By Michael Guerin

For all Lazarus’s champion qualities the asset which may gift him today’s $800,000 New Zealand Trotting Cup is the one in the mind of rival drivers — respect.

Because the aura the great pacer has built up over the last two years, but cemented in the last six weeks should ensure he gets the lead at some stage, of today’s iconic 3200m race and when Lazarus leads, Lazarus wins.

The five-year-old stallion sensation has never been beaten in front, in fact no horse has ever run past him in a race.

He has a relentless cruising speed which zaps his rival’s sprints, that stamina advantage seeing him put a 10-length gap on a similar field last year in race record time.

While he has dominated since, the times he has shown even the slightest vulnerability, have been when asked to come wide or sprint off another horse’s back.

That was how Smolda beat him in the Ballarat Cup, Lennytheshark in the Miracle Mile and he even had a speed wobble three wide on the bend, in an easy kill four-year-old race at Melton last February.

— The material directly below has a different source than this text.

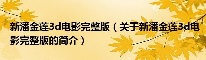 本文關于新潘金蓮3d電影完整版的簡介就講解完畢,希望對大家有所幫助。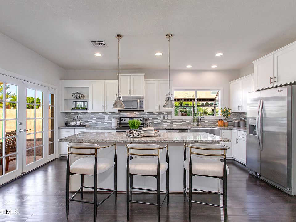Welcome to Trailside at Manzanita Ranch in North Scottsdale! This beautifully updated 3-bedroom, 2-bath home combines designer upgrades with low-maintenance living in a highly sought-after location near the Cactus Corridor. Step inside to find vaulted ceilings, upgraded wood flooring, fresh paint and new carpet. The floor plan flows beautifully and offers plenty of space to live and work comfortably. The kitchen is a chef's dream with custom cabinetry, granite countertops, stainless steel appliances, and a beautiful island ideal for gatherings. A charming garden window adds light and character. The kitchen seamlessly connects to the family room where a wood-burning fireplace creates warmth and ambiance. French doors with sidelight windows invite natural light and fresh air indoors. Outdoors, your private retreat awaits with a covered patio for morning coffee, a custom putting green for sunset rounds, and a heated spool for year-round relaxation. Mature landscaping with ficus trees creates the perfect backdrop for entertaining or unwinding in style. All in a prime Scottsdale location minutes from premier shopping, dining, golf, and easy access to the Loop 101. Curated, move-in ready, and designed for the lifestyle you've been waiting for.

He has allayed those fears this season, with all three lead-up victories being when he has come from behind or sat parked in his last-start, Kaikoura Cup stunner.

But that last win, in unbelievable time, had the extra bonus of terrifying his rivals.

It proved to them Lazarus, after some average workouts to start his season when he was too fat, is now a trimmed-down racing machine similar or even better to last year.

So when trainer-driver Mark Purdon almost certainly goes asking for the lead today, it is impossible to think any of his rival drivers wouldn’t be happy to trail him and hope for a tow into a lucrative payday for second.

The horses drawn inside Lazarus wouldn’t entertain a challenge while Titan Banner tried that and lost at Kaikoura so would surely trail.

Aussie raider Tiger Tara’s trainer Kevin Pizutto has somewhat surprisingly suggested, he wouldn’t mind trailing the champ while Lazarus’s Auckland Cup winning stablemate Dream About Me has been cruelled by a second line draw.

Which leaves the riddle that is second favourite Heaven Rocks.

Their trainers Purdon and Natalie Rasmussen believe Heaven Rocks has a comparable motor to Lazarus, but his erratic form this campaign and a rollercoaster week of health make it increasingly hard for Purdon to consider trailing Heaven Rocks should he challenge mid race.

“Maybe a month ago that looked likely but the way Lazarus has raced since, I think it would be hard to trail anything now,” admits Purdon.

“Maybe if Heaven Rocks got there early enough we could trail but to be honest I think Lazarus could come off his back and beat him anyway.”

While that should cement punter’s confidence today at $1.30 fixed, many will struggle to see the point in a win bet so will be keen to find place or exotics value, Heaven Rocks is an obvious danger but his manners make him hardly an appealing place option, so Tiger Tara and Titan Banner may be better options, and Dream About Me can still place if they go hard and luck goes her way.

Jack’s Legend has improved with every public outing this season, and is a serious place prospect while No Doctor Needed has the draw and driver to sneak into the money or at least boost the First4.

And in case you are considering going shopping for value in the huge win prices around any of his rivals, remember this: Only six horses have ever beaten Lazarus home in a race and none of them are in New Zealand.

Don’t expect that number to change today.